What if your hardware dies and you aren't home to switch it out, assuming you even have spare hardware?
What if your A/C goes out and your server overheats and has to get shut down?
All of these are things you usually don't have to deal with when using the cloud or even a $5 VPS, because they design for all of these failure cases from the start.
If you're running a business from your house, it is by definition a lifestyle business, and that's not really what we are talking about here.
Any business that you can run from a home server
with a residential business line is not the kind
of business we are talking about here.
What kind of business are we talking about here? What does the "taking off" in your previous post mean, exactly?
Depends on what you're trying to do.
You are not going to be able to run a Netflix competitor out of your garage.
You're not going to get high availability without some significant investment and even then you'll be at the mercy of whatever your ISP is doing upstream in the event of a power outage. I live in an area where we average something like 99.99% power uptime, but not everybody is so lucky.
You could, potentially, host something that serves up something non bandwidth-intensive to tens of thousands of users, give or take an order of magnitude. (SaaS, APIs, etc) You can do a lot of interesting things with a homelab and some of them are potentially profitable.
Perhaps more crucially: you're not exactly locked in to a homelab. You can start with that and once you reach a certain point, migrate to colo or cloud.
The only realistic concern for me here is the ISP failure. Even then, if I really wanted to I could have both AT&T and Spectrum uplinks with an LACP bond.
I have enough battery backup to run my rack for about 30 minutes, more if I shut down a node. That’s more than enough time for me to set up my generator and route power; it has an extended gas tank and can power the rack, fridges/freezers, fans, etc. for over 24 hours. I periodically run drills on this to ensure it’s doable, and that the gear works as expected.
If I’m not home, then yes, the latter would fail.

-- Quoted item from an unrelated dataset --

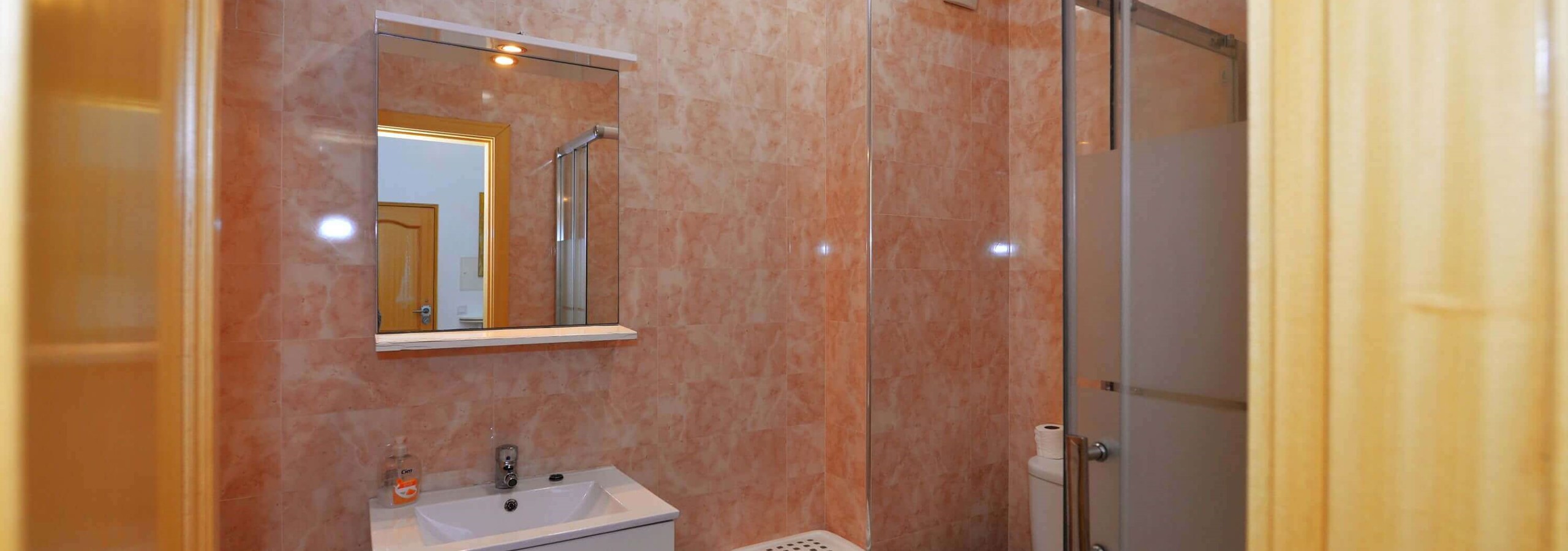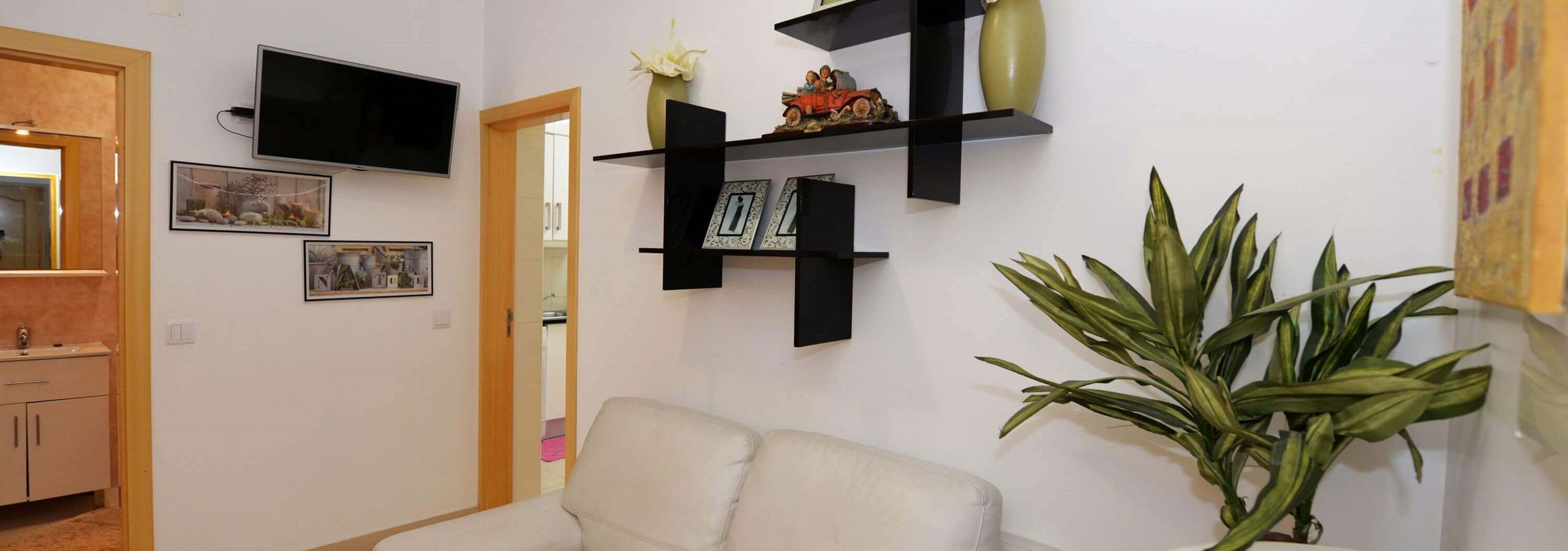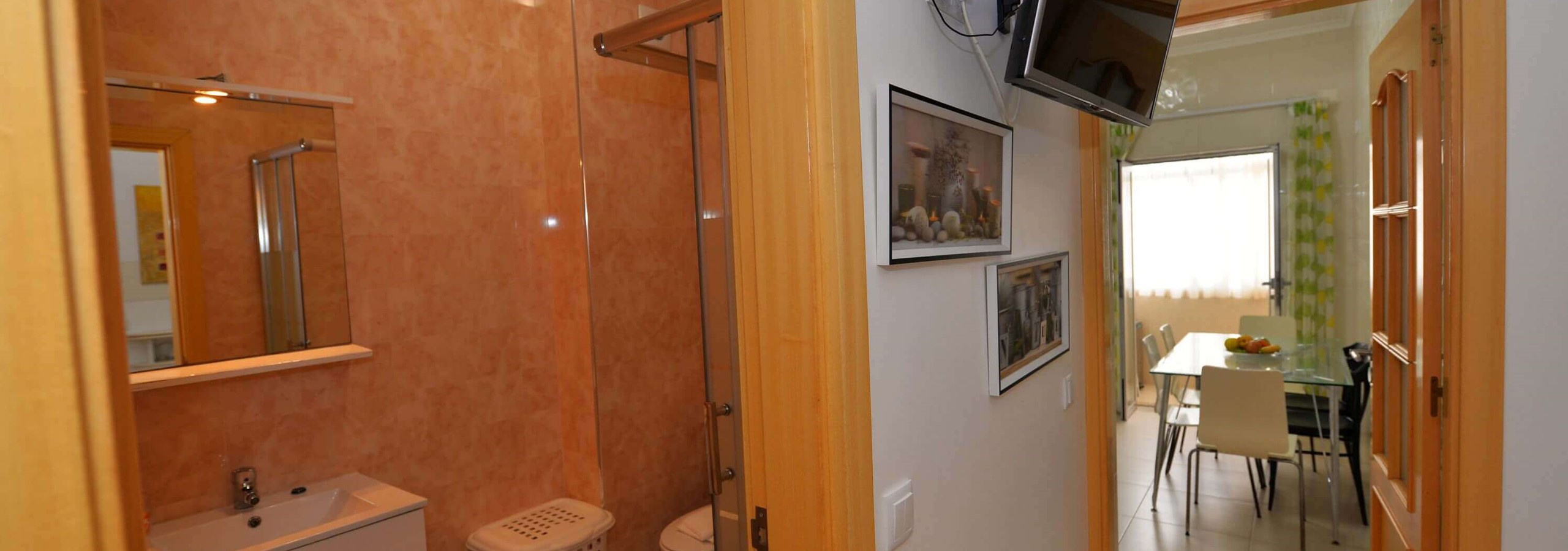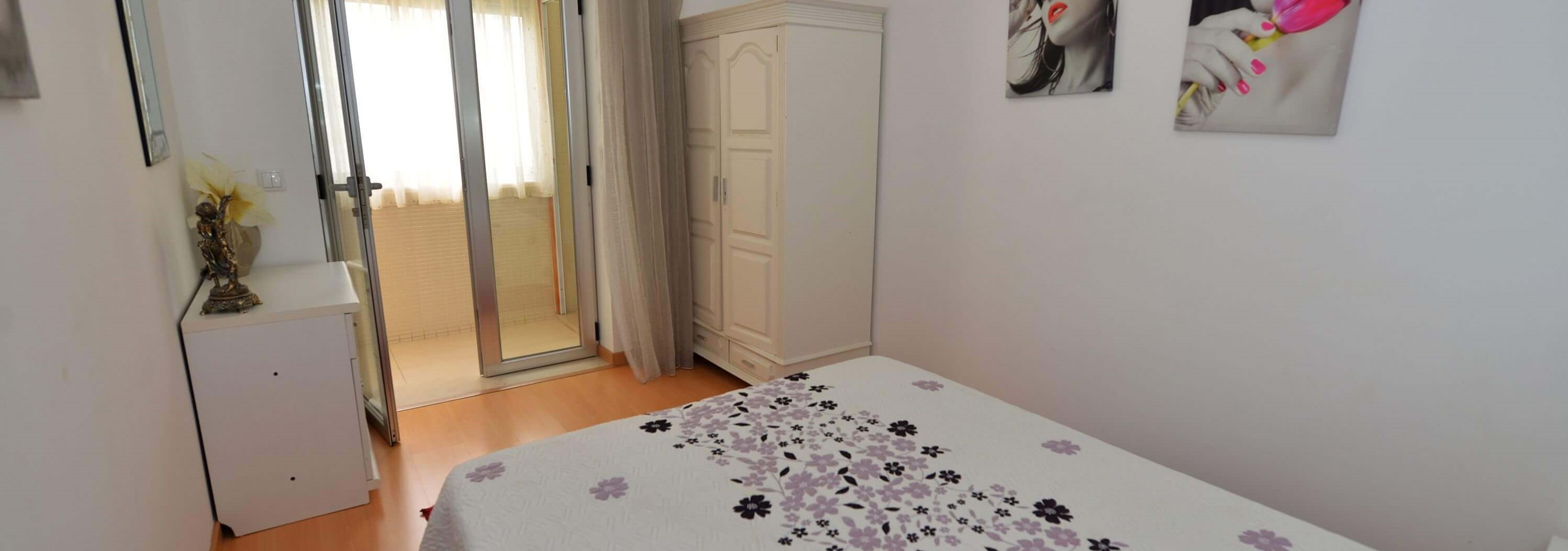 The apartment features 2 bathrooms, and each of the 3 bedrooms are quite comfortable, promising a restful night's sleep. The small balcony, accessible via two of the bedrooms, has a small table with two chairs, and offers partial sea views, perfect for enjoying your morning coffee.

Dual hardware failure is an unlikely scenario; single node failure is handled between K8s and Proxmox clustering.
That would be dream come true! Everything is automated with Infrastructure as Code tools like terraform, plumi, dagger etc... You can easily point to another K8S and redeploy there then update the domain DNS records to divert traffic.
Additionally, if the company starts to grow you can hire other people who are familiar with the cloud provider (and it has extensive documentation). The last company I worked at that had stuff running on a rack in the office just had a "Keep Calm and Sudo On" printout taped to the cage and the guy who'd set it all up had quit.
App still needs to be written to be scalable. And if shit hits the fan moving to cloud (...or just renting dedicated servers at 1/3 the cloud cost) isn't too bad
Sit back and relax? Being massively overprovisioned is a benefit of homelabs.